In order to establish the class background of the sample, we therefore deployed a mixture of indices including post code, parental occupation, students’ self categorisation, school attended, patterns of familial attendance at university, and the university where the students had studied for their first degree: for only a quarter of the student body was it common for their family to have attended university; for half, either they or their siblings were first generation students, and these results corresponded with attendance at state schools; and 55% had studied for their first degree at a new university (most at the university under study). Thus, as several students observed, the status of HEI attended has itself become an indicator of class (Abel, 2003): ‘you’re at a disadvantage because you didn’t sort of go to a .. not a proper university .. I never really thought it would make any difference where you did (the law degree) .. but it does’.
The enactment of socio-economic background in cultural practices was manifest in other ways which would make it difficult for outsider students to ‘pass’ as potential lawyers. For instance, the dress codes of some female students distinguished them from their middle class colleagues, resulting in an aesthetic which could be coded as ‘common’. One student said of an interview at a law firm: ‘they sort of looked at me as if ‘what are you doing here? You should be working in a hair salon or something’, and a mature student who had had a previous career as an accountant made the following observations on her colleagues:
‘I can envisage some of them as being lawyers, but others I look at them and think, ‘what are you doing here?’ .. their whole demeanour ..some of them look very dolly birdy ..the ones that you can tell will get a training contract . the women are young, attractive, thin, blonde ..flirty, but dressed very subtly .. they are aware and confident’
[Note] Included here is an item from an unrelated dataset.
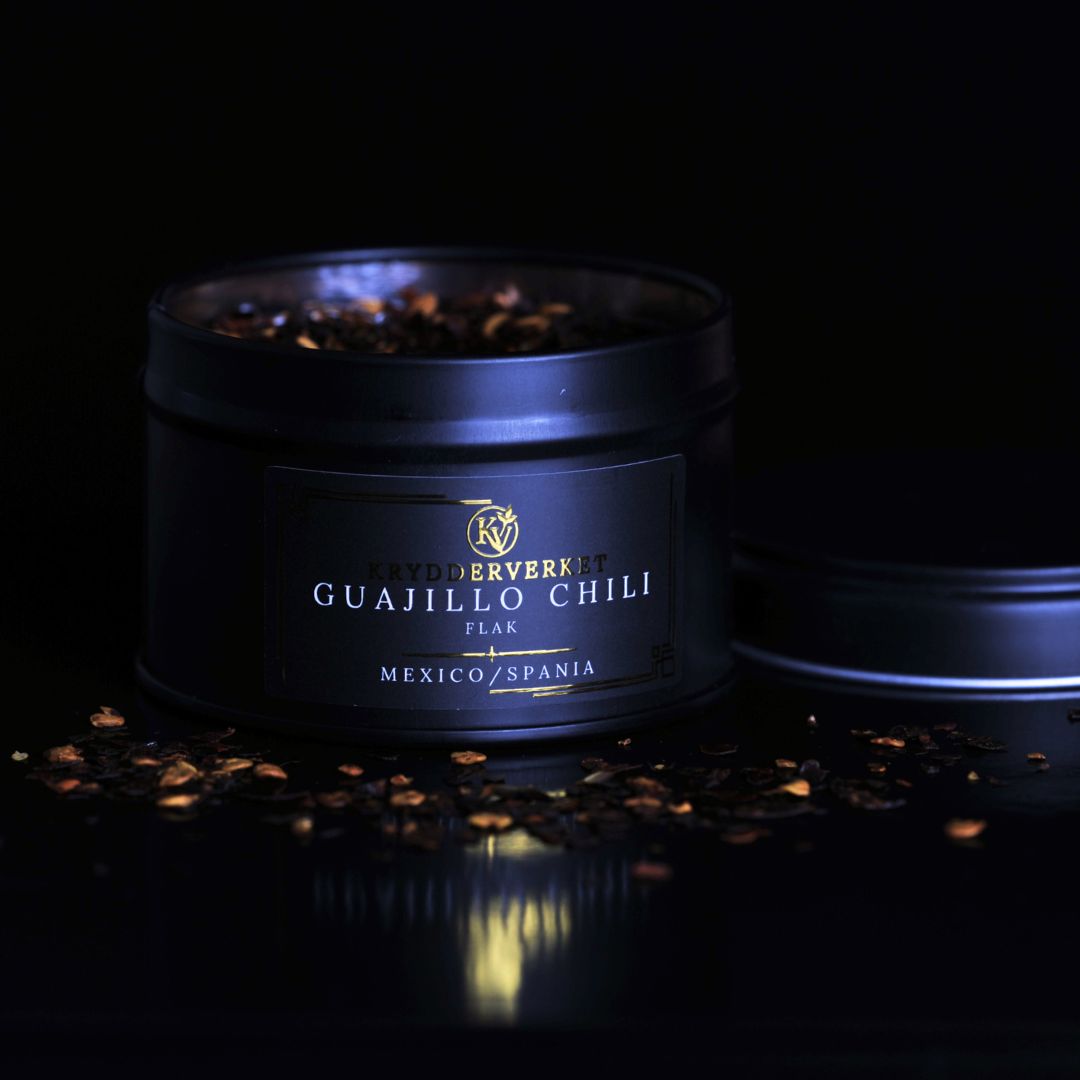 Fyldig, aromatisk og behagelig varm. Guajillo-chili er en av Mexicos mest brukte chilier, kjent for sin dype røde farge og komplekse smak med toner av tørket frukt, mild røyk og et hint av grønn te. I flakform gir den presis varme uten å dominere retten.

On the other hand, the Islamic students’ dress highlighted the additional problems they would face seeking to enter a profession which reflected ‘the particular biographies, beliefs and expectations of .. white(s) ..’. (Wilkins, 1998).
Speech of course remains one of the most powerful signifiers of class. A primary function of legal training is to achieve enculturation in the profession’s official language; in addition to specific legal terms and the frequent use of Latin, this includes the use of the passive voice and modal markers to signify detachment, which working class students tended to find alien (Edensor, 2000). Many such students had also become conscious of the need to acquire a vocabulary, intonation and accent which would ‘bear(s) the imprint of a professional attitude’ (Lingard et al, 2003, p 612) and spoke of the disadvantage they perceived as flowing from their regional accents.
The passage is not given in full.